Health gates¶
Health gates auto-pause a rollout when too many agents fail to apply, disconnect, or report unhealthy. They are the safety net underneath every rollout strategy.
Built-in gates¶
| Gate | Default threshold | What it watches |
|---|---|---|
apply-failed-ratio | > 20 % | Agents in batch with RemoteConfigStatus = FAILED |
disconnect-ratio | > 20 % | Agents that disconnect within 5 min after push |
effective-mismatch-ratio | > 20 % | Agents whose effective hash hasn't matched within 10 min |
unhealthy-ratio | > 10 % | Agents reporting health.healthy = false after apply |
All are configurable per rollout in the wizard. Defaults are tuned for a typical mixed fleet; tighten them for production-critical paths.
How thresholds are evaluated¶
- The denominator is the number of agents in the current step (not the whole rollout).
- The numerator is the running count of "bad outcomes" of the matching kind for that step.
- Evaluation is event-driven: every relevant event ticks the numerator and re-evaluates.
- Once a gate's threshold is exceeded, the rollout transitions to
Pausedimmediately. The remaining agents in the step are not pushed.
What happens on a fire¶
- Rollout state →
Paused. - Audit event
Rollout.Pausedwith the gate name and the observed value. - Live-update bus broadcasts the state change; UIs update.

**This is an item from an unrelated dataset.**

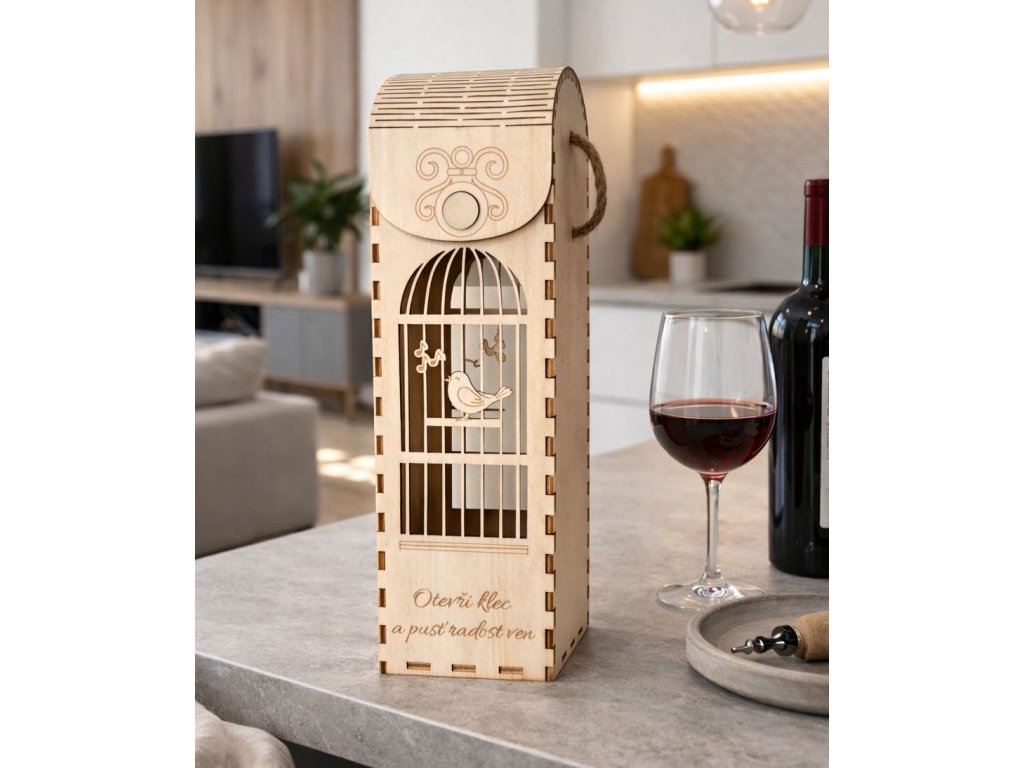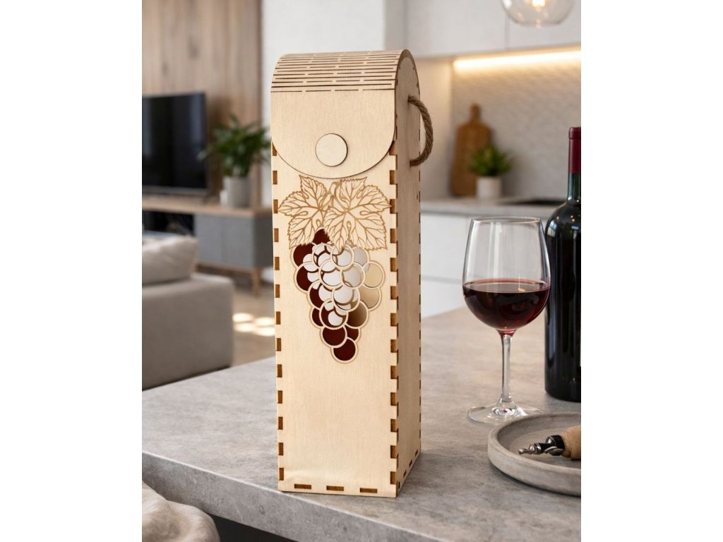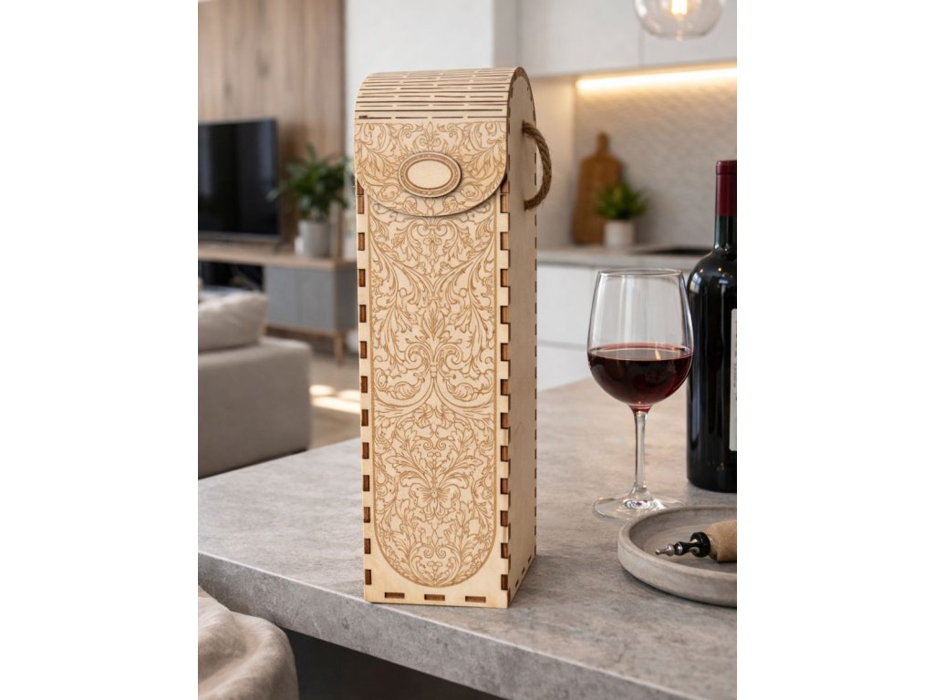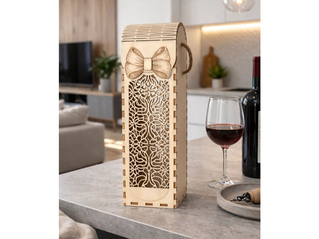 Precizně vyřezávané detaily, jemná kresba dřeva a praktické provazové ucho dělají z boxu nejen krásný, ale i funkční doplněk. Stačí vložit láhev a máte hotový dárek, který zaujme na první pohled.

- The Rollout detail page surfaces:
- which gate fired,
- the affected agents (with deep links),
- the next-action chips: Resume, Rollback, Abort.
Operator decisions¶
- Resume — the rollout re-enters
InProgressfrom the next agent. Use when you understand and accept the failure (e.g. the failing agents are stale clones you'll re-image anyway). - Rollback — re-assigns the previous Published version to all touched agents. The state machine moves to
RolledBack. - Abort — stop without rolling back. The pushed agents stay on the new config.
Tuning¶
Tighten thresholds for production-critical paths:
| Gate | Stricter setting |
|---|---|
apply-failed-ratio | > 5 % |
disconnect-ratio | > 10 % |
effective-mismatch-ratio | > 15 % |
unhealthy-ratio | > 5 % |
Loosen them for noisy environments (frequently-recycled hosts, flaky networks). Document the rationale in the rollout's description field — the audit trail keeps it.
Scope¶
Gates only watch the current step's agents — not the rollout total. This matters for canary strategies: a bad step-1 trips its own gate even if the not-yet-touched majority is fine.
Edge cases¶
- Group shrinks mid-step — the denominator follows. If 4 of 20 failed and another 5 disconnected for unrelated reasons, the gate evaluates 4 / 15 = 26 %, not 4 / 20 = 20 %.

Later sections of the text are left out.